Recombinant Neisseria gonorrhoeae Peptide chain release factor 1 (prfA)

What is Peptide chain release factor 1 (prfA) in Neisseria gonorrhoeae?

Peptide chain release factor 1 (prfA) in Neisseria gonorrhoeae is a critical protein involved in translation termination during protein synthesis. The protein functions by recognizing stop codons (UAA and UAG) in messenger RNA and catalyzing the hydrolysis of the peptidyl-tRNA bond, which releases the newly synthesized peptide chain. In N. gonorrhoeae strain NCCP11945, prfA is encoded by the gene identified with UniProt accession number B4RN52 . The protein consists of 358 amino acids forming a full-length protein with a specific sequence that includes conserved domains necessary for its function in bacterial translation.

What is the molecular structure of recombinant N. gonorrhoeae prfA?
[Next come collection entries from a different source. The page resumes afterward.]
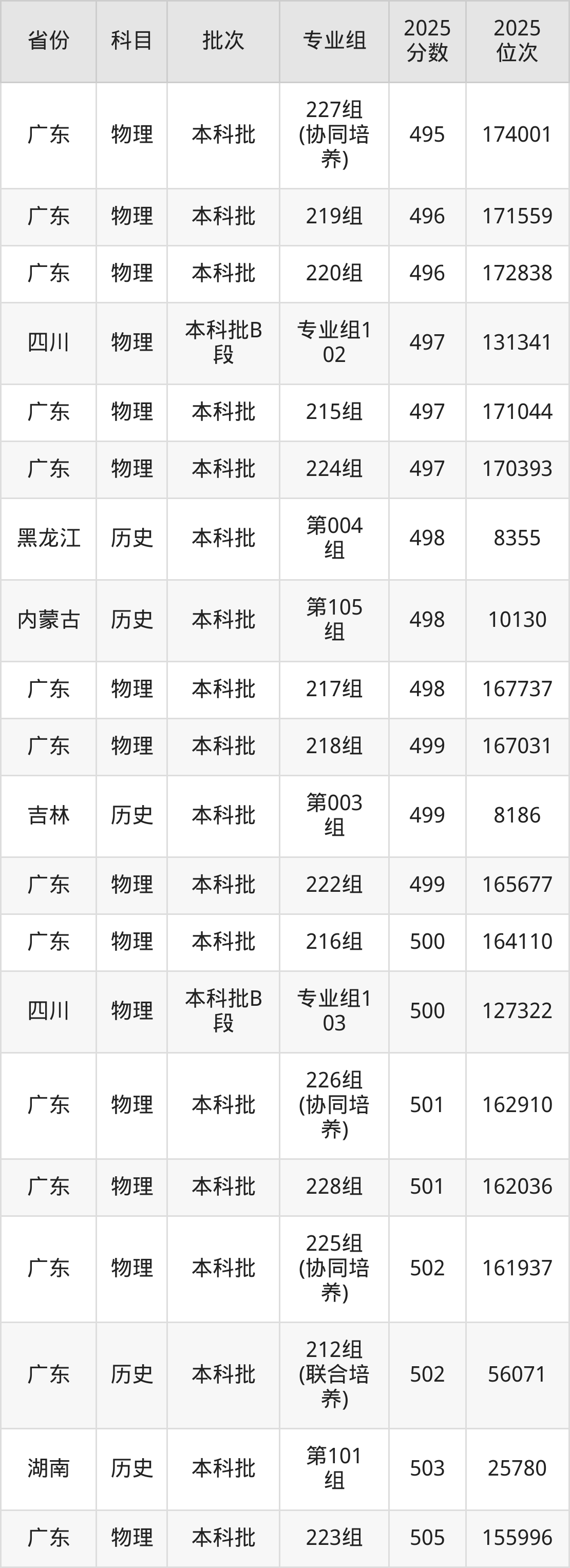 2025年韩山师范学院在各省普通批录取分数线一览表:
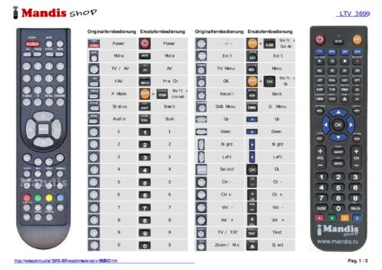 Ein Dokument ist enthalten, um die Verwendung der neuen Fernbedienung zu erleichtern, indem es die Tastenbelegung zeigt.
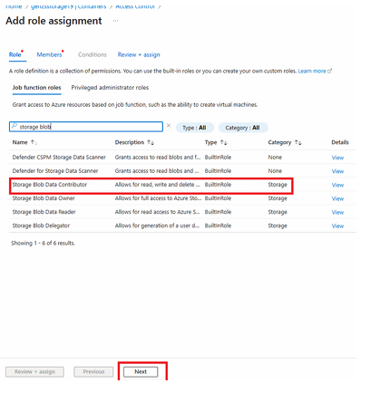 IAM panel showing the Add Role Assignment dialog and the Storage Blob Data Contributor role highlighted.
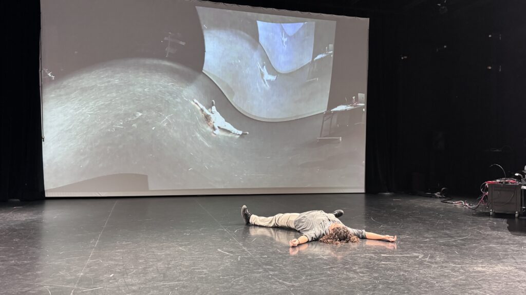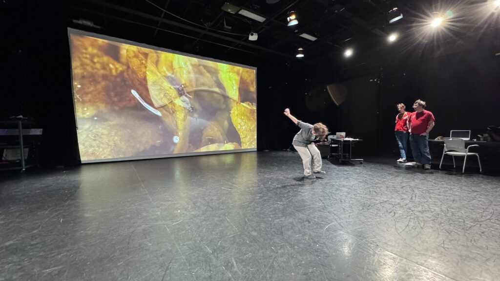 I edited the sound design, making the part of the song Honey by Kehlani that says “I like my girls just like I like my honey, sweet.” play 3 times so the lyrics wouldn’t be missed. In my cycle 2, the button that said “Dip me in honey and throw me to the lesbians” were missed by the experiencers. To make sure it catches attention, I colored it with yellow highlighter. To clarify and better explain the roles of the people holding the honey bottle and the book, I recorded a video of myself, trying to sound AI-like without the natural intonations in my regular speaking voice. I gave clear directions for two volunteers, named person 1 and person 2, inviting them into the space and telling them to do certain things in certain actions in my pre-recorded video. I also put two clean spoons in front of them, telling them that they could taste the honey if they wish. Both people tasted the honey and one of them started talking about personal connections with honey as the other joined. This conversation invited me to improvise within my score where is was structured enough due to having expected outcomes but fluid enough to be flexible along the way to accomplish the score. The choreography I composed didn’t happen the way I envisioned to happen and the experiencers didn’t end up completing the circuit to make the MakeyMakey trigger my Isadora patch. So I improvised and triggered the patch myself. This made the honey video appear on top of the swirly live video affected by the OSC in my pocket. I moved in changing angles and off-balances like I did in Cycle 2, with the recording of my noise effects also playing in the background.
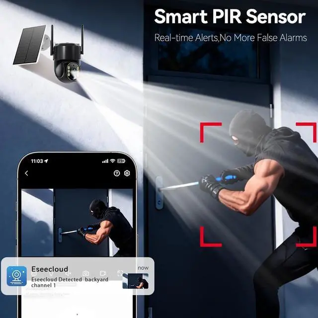 Human Detection & Two-Way Talk: Equipped with an advanced PIR sensor and AI human detection technology, outdoor camera wireless accurately identifies individuals entering its field of view and sends instant alerts to your phone, minimizing false alarms. Real-time two-way talk allows you to remotely converse with visitors or deter unwanted guests when necessary.
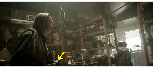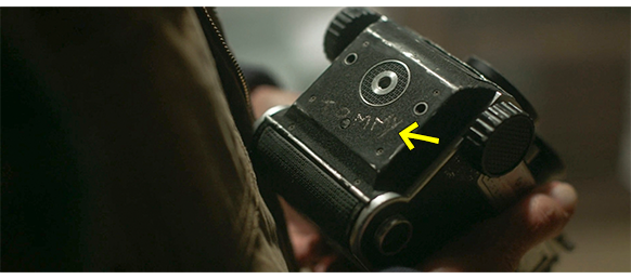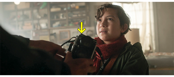 そのあとで、オスカーがうっかり音を立ててしまったので、エリックは何事かと様子を見に行き、そこに子供が隠れているのに気付き、「そこで、何しとる? どうやって、入ったんじゃ?」と訊く。オスカーは口がきけないので何も言えないでいると、エリックは少年が首から下げているカメラに気付き、店に同じ物があり、そんなレアな物が2つも存在するとは思えないので、当然少年が盗んだと思い、「待てよ、それお前の物じゃないだろ?」と指差し(1枚目の写真)、「寄こすんじゃ。それは、お前のもんじゃない。許可なく、手に取っちゃだめじゃ。二度と言わんぞ」と叱る。それでも、少年が何も言わず、カメラを返す仕草もしないことから、怒ったエリックはカメラを首から奪い取ると、背中を押して玄関の方に向かわせ、「二度とここに来るんじゃないぞ」と警告する(2枚目の写真、矢印は奪ったカメラ)。カメラに触ってみると、動くべきところが動かないので、「壊しやがって」と文句を言いながら、カメラの裏を見ると、そこに、「TOMMY」と、オスカーの父の名前が書いてある(3枚目の写真、矢印)。
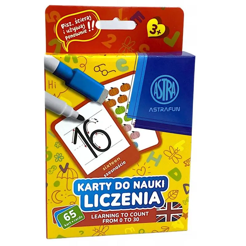 Zestaw kart edukacyjnych Astra to doskonałe narzędzie do nauki liczenia i rozwijania umiejętności matematycznych u dzieci. Kolorowe, czytelne ilustracje i trwałe wykonanie sprawiają, że nauka staje się ciekawą zabawą.
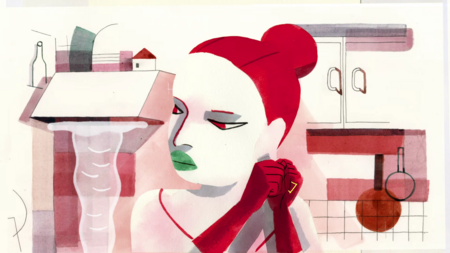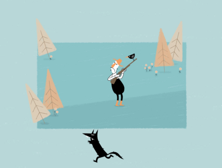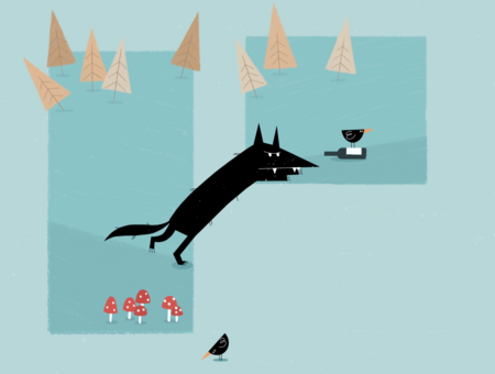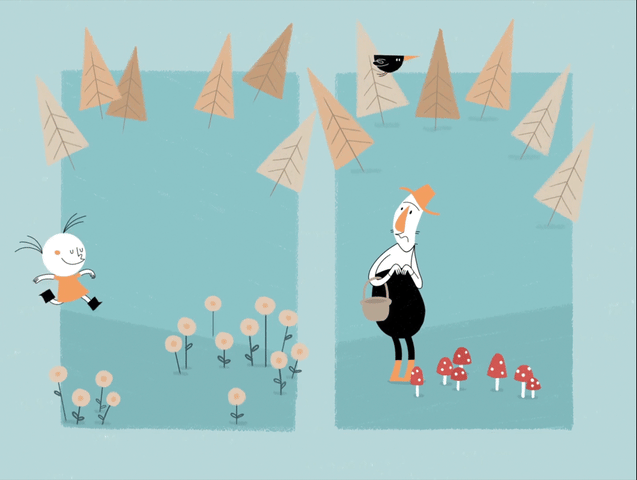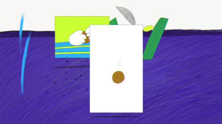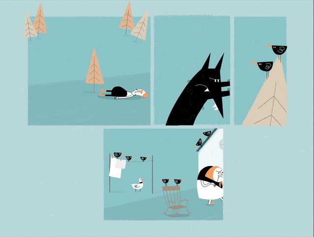 Мультфильм «Merlot» Джулии Мартинелли и Марты Дженнари иллюстрирует в полной мере возможности использования полиэкрана в анимации. Во-первых, события из разных композиций влияют друг на друга: например, в эпизоде ниже чихание «пошатнуло» мир охотника и оно буквально сбивает охотника с ног.
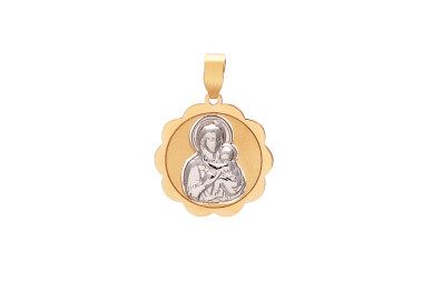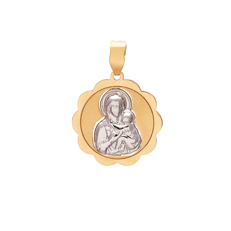 Δίχρωμο φυλαχτό μονής όψεως από χρυσό 9 καρατίων με την Παναγία και τον Χριστό .
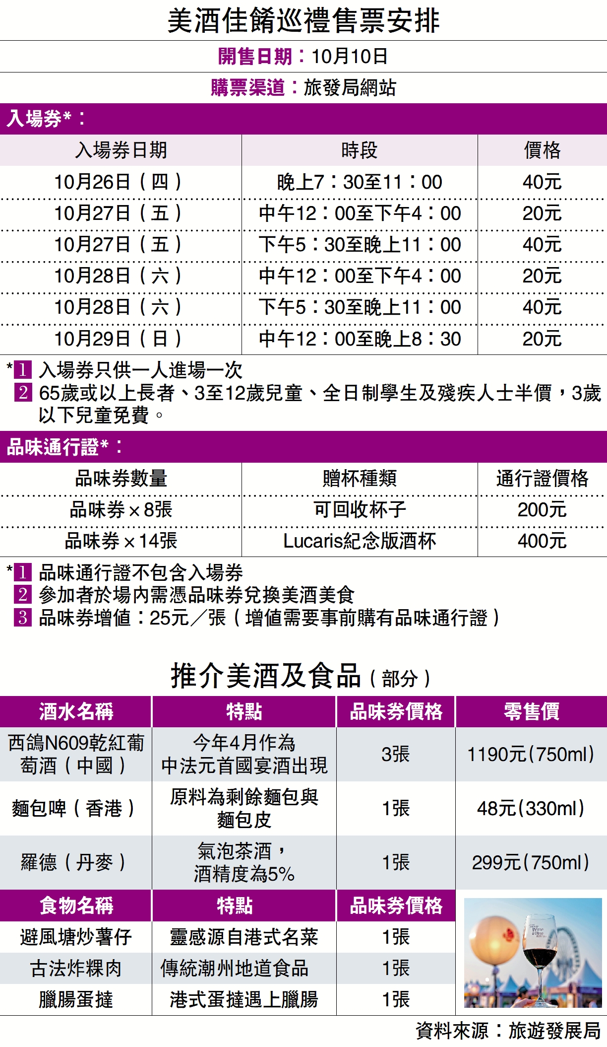 闊別五年的「美酒佳餚巡禮」將於10月26日至29日重返中環海濱,並首次引入中國、泰國葡萄酒的類別,包括「國宴」級的「蛇龍珠」。旅遊發展局預計,四日活動期間將有約14萬人次入場。近日有夜市售賣的小食被質疑售價貴,旅發局表示,「美酒佳餚巡禮」的特色美食加入創意,相信與夜市的有所不同,場內消費大致在1至8張「品味券」,折算為25元至200元不等。

Recombinant N. gonorrhoeae prfA is a full-length protein comprising 358 amino acids. According to available data, its amino acid sequence includes multiple functional domains responsible for stop codon recognition, peptidyl-tRNA interaction, and ribosome binding . While a crystal structure specifically for N. gonorrhoeae prfA has not been identified in the provided search results, research methodologies similar to those used for the Neisseria gonorrhoeae adhesin complex protein (Ng-ACP), which was solved at 1.65 Å resolution , could potentially be applied to determine the structural characteristics of prfA.

How stable is recombinant N. gonorrhoeae prfA under laboratory conditions?

The stability of recombinant N. gonorrhoeae prfA depends significantly on storage conditions. According to product specifications, the protein can be stored at -20°C for regular storage, but extended storage should be at -20°C or -80°C . The shelf life varies based on formulation: liquid formulations typically maintain stability for approximately 6 months at -20°C/-80°C, while lyophilized forms can remain stable for up to 12 months at the same temperatures . Repeated freeze-thaw cycles should be avoided to maintain protein integrity. Working aliquots can be stored at 4°C for up to one week .

What experimental approaches are recommended for reconstitution of recombinant N. gonorrhoeae prfA?

For optimal reconstitution of recombinant N. gonorrhoeae prfA, the following methodology is recommended:

• Begin by briefly centrifuging the vial to bring contents to the bottom

• Reconstitute the protein in deionized sterile water to a concentration of 0.1-1.0 mg/mL

• Add glycerol to a final concentration of 5-50% (with 50% being the standard recommendation)

• Aliquot the reconstituted protein for long-term storage at -20°C/-80°C

This methodology helps maintain protein stability and prevents degradation during storage periods. The addition of glycerol serves as a cryoprotectant to prevent damage from freeze-thaw cycles.

How can researchers verify the purity and activity of recombinant N. gonorrhoeae prfA?

Researchers can verify the purity of recombinant N. gonorrhoeae prfA using SDS-PAGE analysis, with commercial preparations typically showing >85% purity . For activity assessment, researchers can employ in vitro translation termination assays that measure the protein's ability to recognize stop codons and catalyze peptidyl-tRNA hydrolysis. Similar to methodologies used for other N. gonorrhoeae proteins, Western blotting techniques can be used to confirm the identity and expression of the protein . Functional assays should be designed to test the protein's specific activity in releasing nascent peptide chains from ribosomes at stop codons.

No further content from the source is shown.